══ INPUT DATA ══

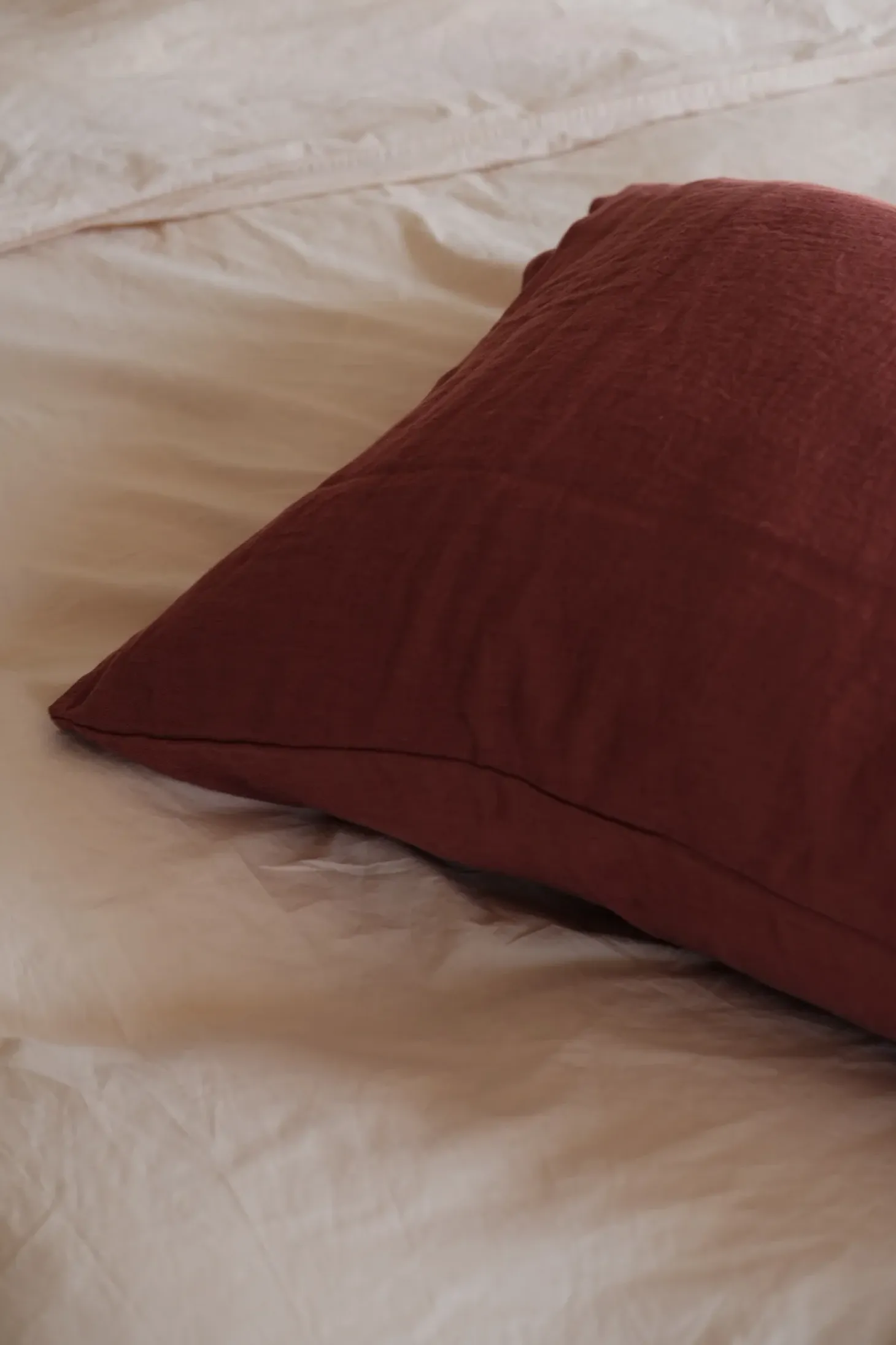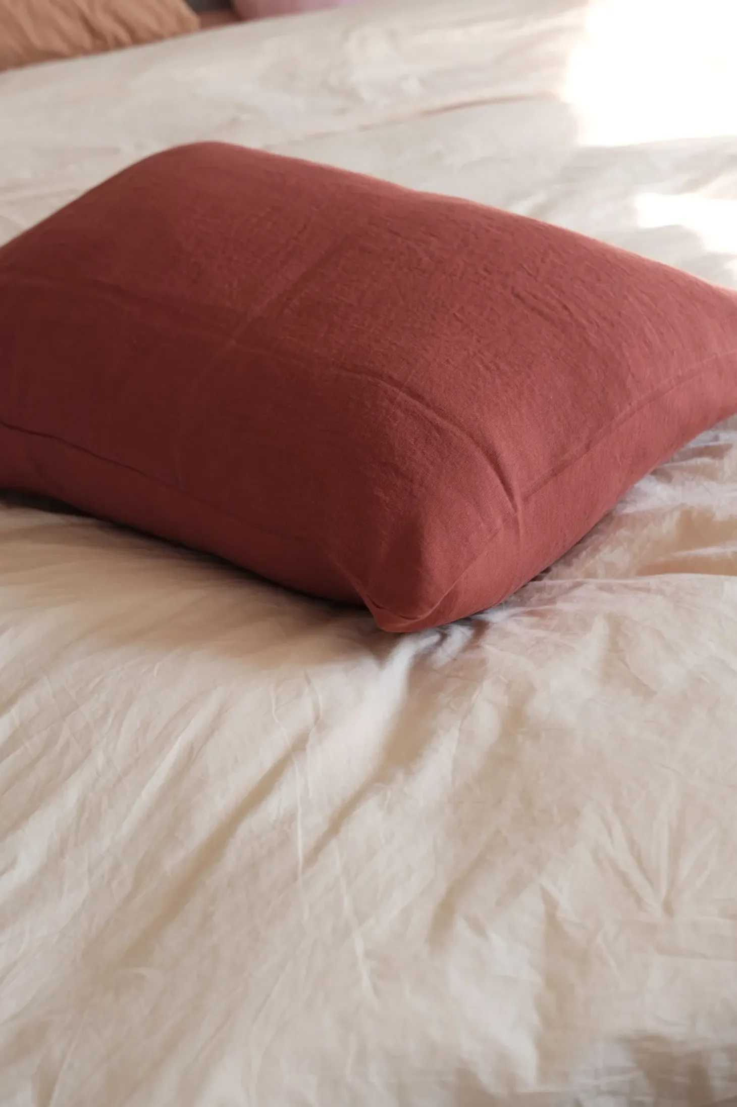 En dejligt stor hørpude fra franske Linge Particulier i en lækker rødbrun farve. De kan bare noget helt særligt med farver… Pudebetrækket er lavet i lavet i vævet hør, der bagefter er vasket, hvilket giver en helt særlig, blød og holdbar kvalitet, der bare bliver blødere og blødere efter hver vask. Jeg elsker at bruge denne størrelse i sengen som ‘læsepude’ og udendørs i en kurvestol.
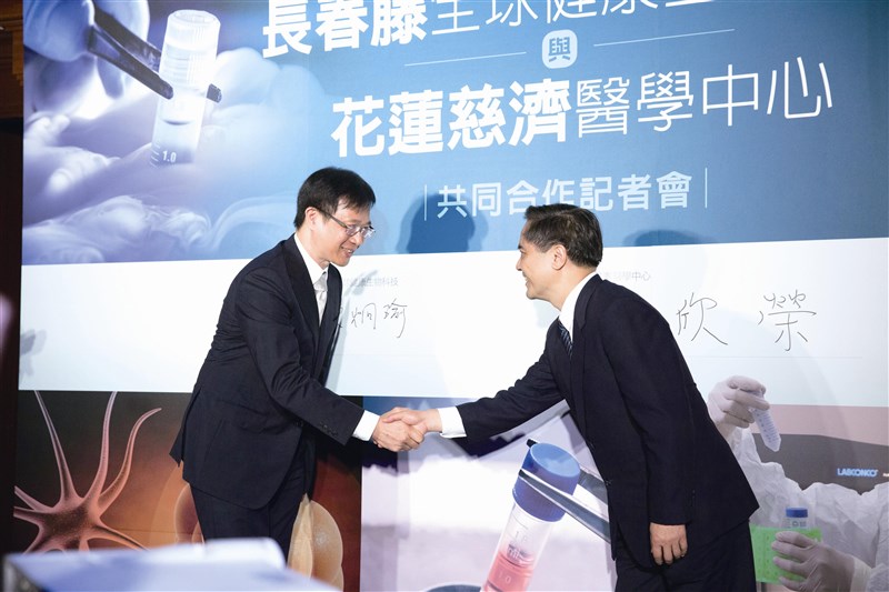 花蓮慈濟醫院院長林欣榮(右)與長春藤全球健康生物科技董事長陳炯瑜,同台宣告合作計畫。圖/長春藤幹細胞保存庫提供
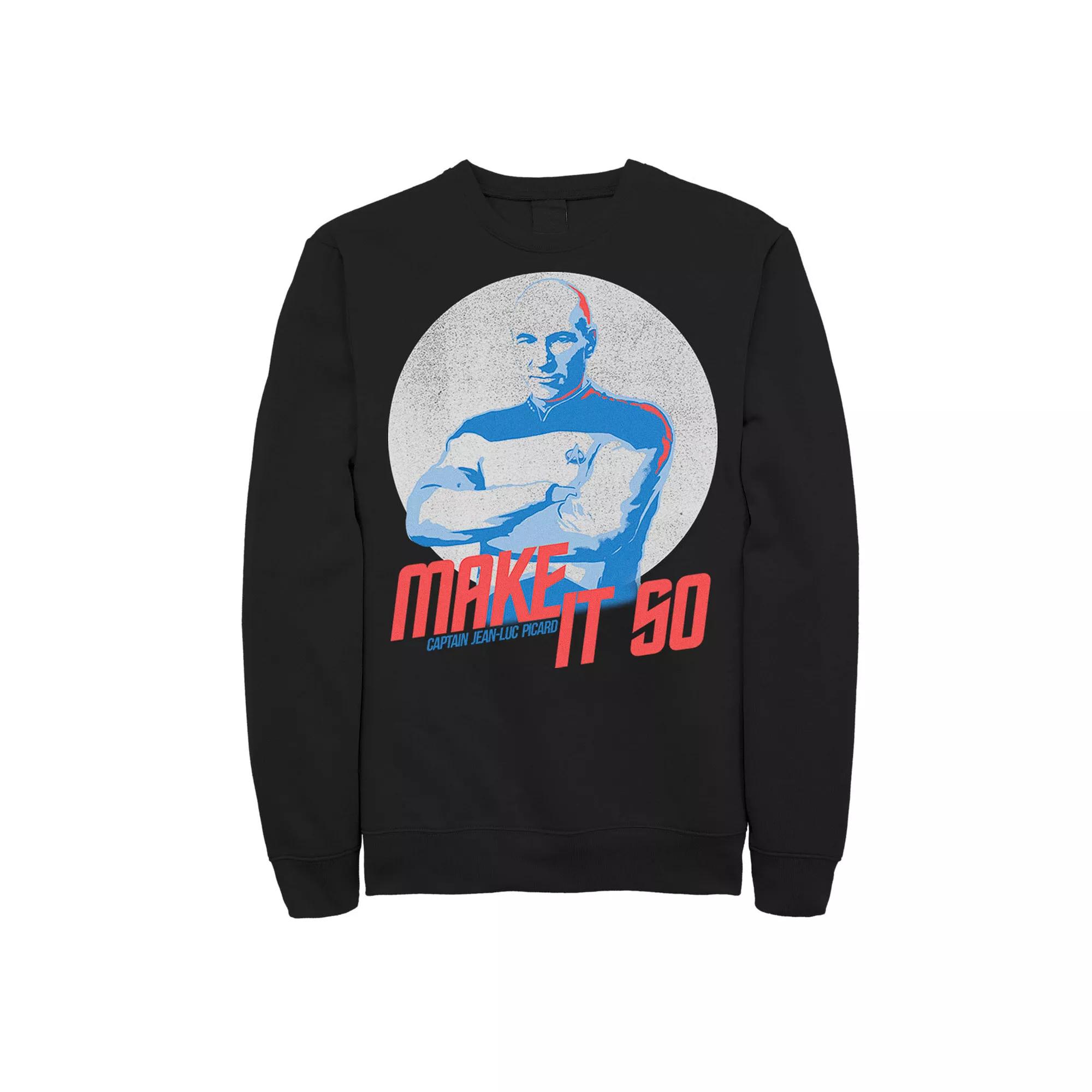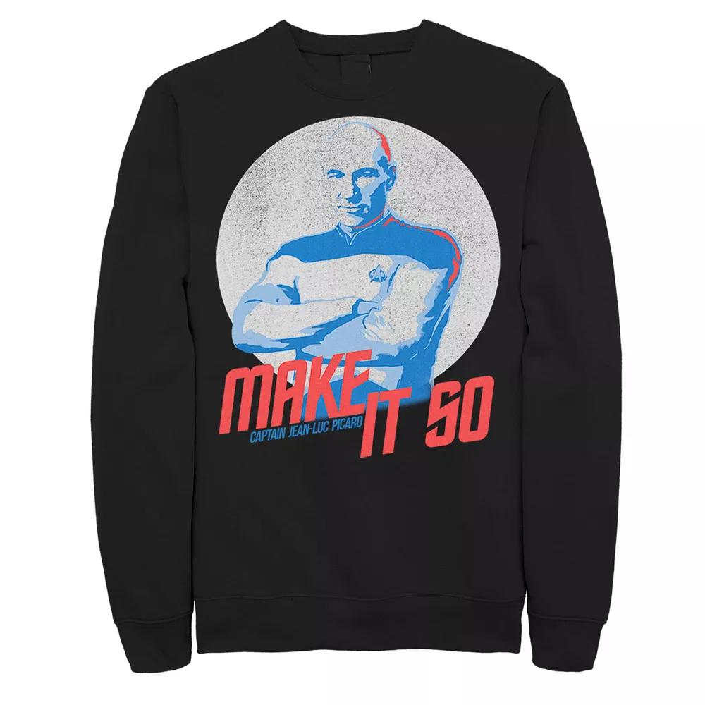 Make it so with a Fifth Sun™ Star Trek The Next Generation sweatshirt! Help the crew of the USS Enterprise-D convince the god-like alien, Q, of humanity's worth by showing him an awesome Next Generation style with Captain Jean-Luc Picard, Riker, and Data. | Star Trek Men's Make It Pop Graphic Crew Fleece Sweatshirt, Black, 3Xl
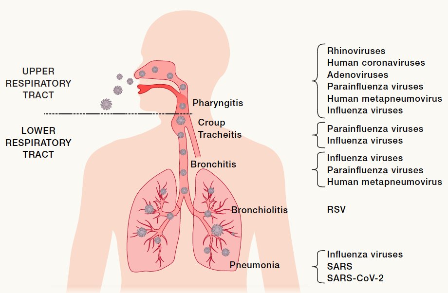 Respiratory viruses affect us throughout our lives, from infancy to old age, causing illnesses ranging from a common cold to severe pneumonia. They belong to several virus families, and although many features of infection with these diverse viruses are shared, some have unique characteristics. This article explains what happens when we are infected by respiratory viruses, including SARS-CoV-2, which causes COVID-19.
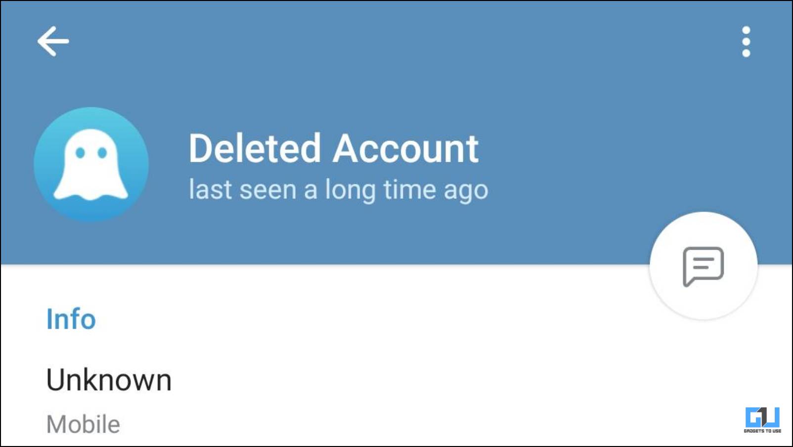 如果用户删除了 Telegram 帐户,您可能会遇到上述一些迹象。点击用户的个人资料照片以验证该帐户是否仍处于活动状态。如果您在名称应有的位置看到“已删除的帐户”,则该人已删除其帐户。
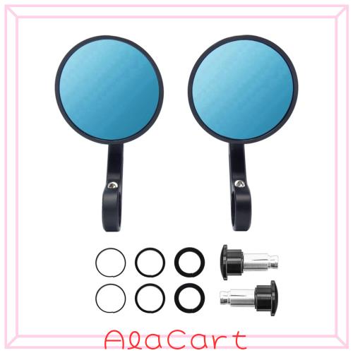 ELIFEPARTS バイク バーエンドミラー バイクミラー CNCミラー 適合 MT-07 MT-09 GROM Z1000 GSX-S1000F 汎用 軽量 丸型 防眩ブルー鏡
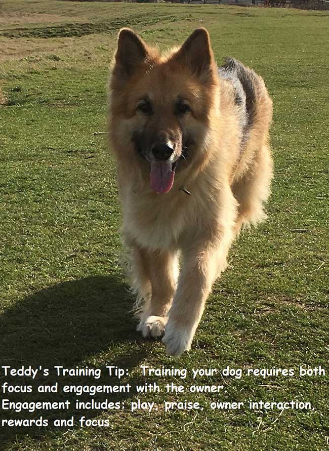 Teddy’s Training Tip: Training your dog requires both focus and engagement with the owner. Engagement includes: play, praise, owner interaction, rewards and focus.
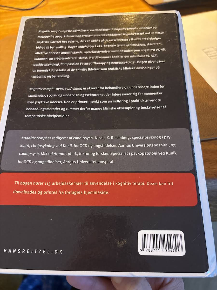 I "Kognitiv terapi" får du en opdateret og nuanceret præsentation af kognitiv terapi som behandlingsmetode for en bred vifte af psykiske lidelser hos voksne. Bogen kombinerer den klassiske tilgang med de nyeste tredjebølge-tilgange, og den dykker ned i behandlingen af lidelser som misbrug, skizofreni, angsttilstande, ADHD, ludomani, spiseforstyrrelser og mange flere. Med en solid teoretisk fundering udstyres læseren med praktiske kliniske anvisninger, der understøtter en præcis vurdering og behandling af de enkelte lidelser. Hvert kapitel indeholder desuden skemaer, som kan anvendes direkte i det kliniske arbejde, og de bidrager til at skabe en klar og anvendelig ramme for praksis. Bogen, udgivet af Hans Reitzels Forlag i 2012, bygger videre på tidligere modeller og metoder og præsenterer et alsidigt redskab til både studerende og erfarne klinikere. Med bidrag fra flere anerkendte eksperter på området sikres en dybdegående indsigt i de teoretiske og praktiske aspekter af kognitiv terapi.

═══

### PROMPT
Exact repetition is required for the lines from the first one in the listing through the one that holds "Teddy’s Training Tip: Training", and pictures are to be omitted.

### EXERCISE OUTPUT
 En dejligt stor hørpude fra franske Linge Particulier i en lækker rødbrun farve. De kan bare noget helt særligt med farver… Pudebetrækket er lavet i lavet i vævet hør, der bagefter er vasket, hvilket giver en helt særlig, blød og holdbar kvalitet, der bare bliver blødere og blødere efter hver vask. Jeg elsker at bruge denne størrelse i sengen som ‘læsepude’ og udendørs i en kurvestol.
 花蓮慈濟醫院院長林欣榮(右)與長春藤全球健康生物科技董事長陳炯瑜,同台宣告合作計畫。圖/長春藤幹細胞保存庫提供
 Make it so with a Fifth Sun™ Star Trek The Next Generation sweatshirt! Help the crew of the USS Enterprise-D convince the god-like alien, Q, of humanity's worth by showing him an awesome Next Generation style with Captain Jean-Luc Picard, Riker, and Data. | Star Trek Men's Make It Pop Graphic Crew Fleece Sweatshirt, Black, 3Xl
 Respiratory viruses affect us throughout our lives, from infancy to old age, causing illnesses ranging from a common cold to severe pneumonia. They belong to several virus families, and although many features of infection with these diverse viruses are shared, some have unique characteristics. This article explains what happens when we are infected by respiratory viruses, including SARS-CoV-2, which causes COVID-19.
 如果用户删除了 Telegram 帐户,您可能会遇到上述一些迹象。点击用户的个人资料照片以验证该帐户是否仍处于活动状态。如果您在名称应有的位置看到“已删除的帐户”,则该人已删除其帐户。
 ELIFEPARTS バイク バーエンドミラー バイクミラー CNCミラー 適合 MT-07 MT-09 GROM Z1000 GSX-S1000F 汎用 軽量 丸型 防眩ブルー鏡
 Teddy’s Training Tip: Training your dog requires both focus and engagement with the owner. Engagement includes: play, praise, owner interaction, rewards and focus.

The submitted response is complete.